Как раз оттого, что у него нет никакого нового откровения, он способен создавать прекрасное. Свое вдохновение он черпает в форме, в чистой форме, как и подобает художнику. Переживай он страсть впрямую, это его погубило бы. Все, что происходит на самом деле, уже испорчено для искусства. Вся скверная поэзия порождена искренним чувством. Быть естественным – значит быть очевидным, а быть очевидным – значит быть нехудожественным.

Эрнест. Неужели вы и вправду так считаете?

Гилберт. А что вас удивляет? Не в одном лишь искусстве материальное становится духовным. В любой области жизни форма – начало вещей. Платон говорит, что ритмичные, согласованные движения в танце сообщают гармонию, ритмичность и жизни духа. Формы суть пища веры, воскликнул Ньюмен в одну из тех своих минут полной искренности, которые так в нем восхищают, давая почувствовать, кто он на самом деле. И он был прав, хотя, наверное, и не понимал, до чего он ужасающе прав. В заповеди верят не оттого, что они разумны, а оттого, что их часто повторяют.

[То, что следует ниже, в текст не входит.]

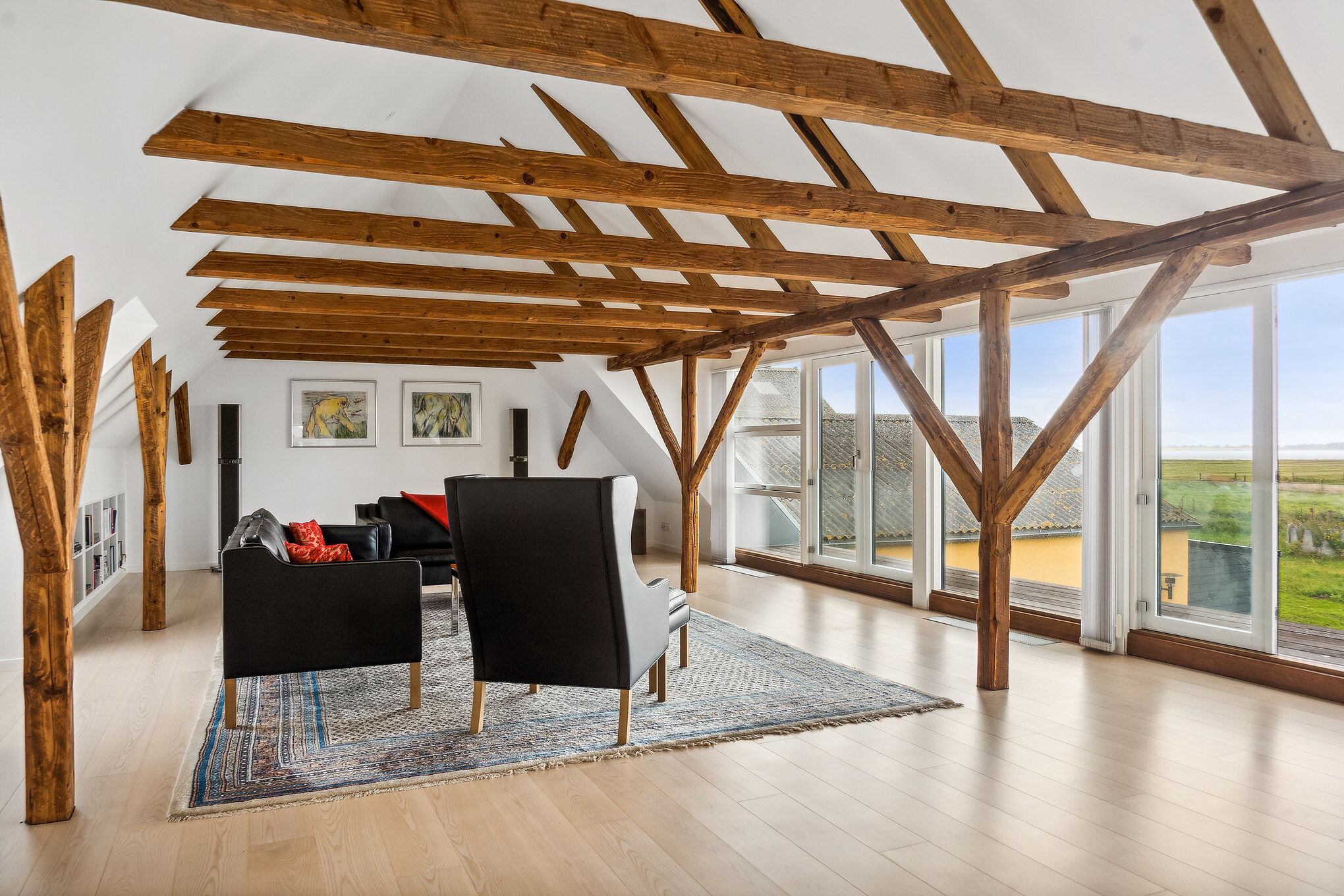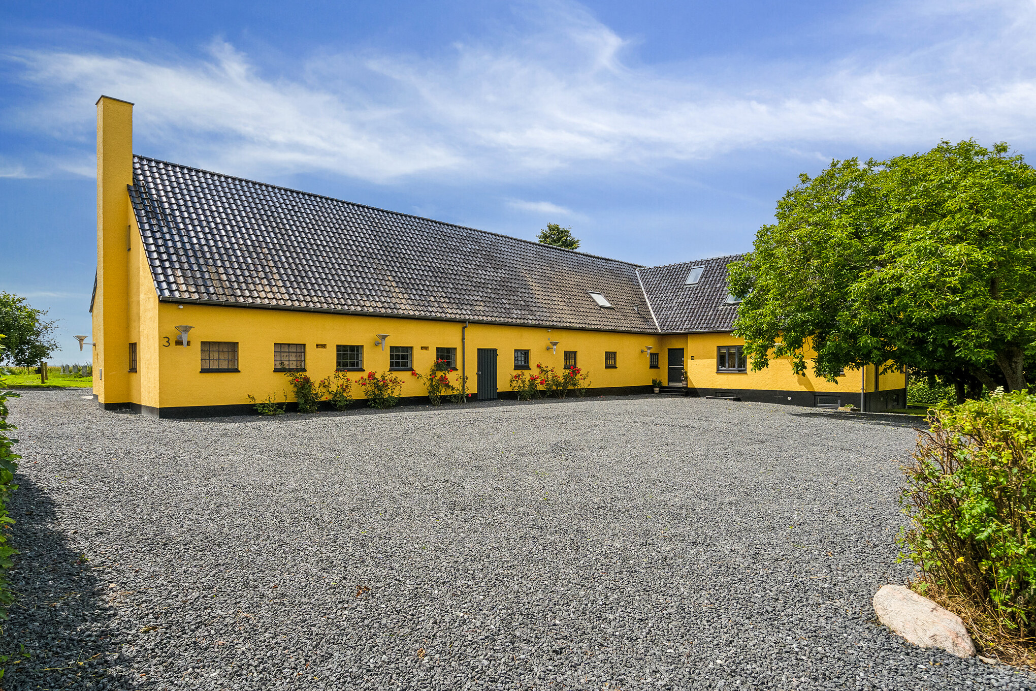 Stuehuset er på 331 kvm fordelt på 2 plan og herudover findes 72 kvm flot indrettet kælder. Hele stuehuset er renoveret fra A – Z i år 2011 og alt fremtræder lækkert og indflytningsklart. På 1. salen er bl.a. indrettet en stor panorama-stue med flot sydvendt udsigt over Lillebælt med Brandsø og Jylland i baggrunden. Herudover stort kontor med udgang til gavlaltan. Herfra er der ligeledes panoramaudsigt og man kan se Lillebælt både mod nord, syd og vest. Den sidste del af 1. salen er indrettet med master bedroom og tilhørende badeværelse med både bruseniche og badekar. Hele 1. salen er renoveret således, at alle gamle bjælker er synliggjorte og i dag fremtræder som en del af den flotte indretning.

Да, Форма – это все. В ней тайна жизни. Сумейте выразить свою печаль, и она станет вашей отрадой. Сумейте выразить радость, и она многократно возрастет. Вам хочется испытать любовь? Пускайте в ход привычный словарь любви, и слова создадут то чувство, которое для непосвященных будто бы потребовало таких слов. Вам гложет сердце тоска? Погрузитесь в глубины ее лексики, учитесь говорить о ней у принца Гамлета и королевы Констанс, и вы удостоверитесь, что целительна сама способность ее выразить и что Форма, рождая страсть, убивает боль. Так вот, возвращаясь к Искусству, не что иное, как Форма, создает и критический склад ума, и даже художественный инстинкт, эту никогда не изменяющую способность воспринимать все на свете под знаком красоты. Научитесь поклоняться Форме, и не будет в искусстве такой тайны, которая вам осталась бы недоступной, да еще хорошенько запомните, что и в критике, и в творчестве все решает душевный настрой и что художественные школы, существовавшие в истории, следует сближать не по эпохам, а по характерным чертам духовности, привлекавшим каждую из них.

Эрнест. Ваши мысли о воспитании великолепны. Только сумеет ли ваш критик, сформировавшийся в самой изысканной среде, хоть отчасти влиять на искусство? Вы в самом деле думаете, что был хоть один художник, всерьез прислушивавшийся к критике?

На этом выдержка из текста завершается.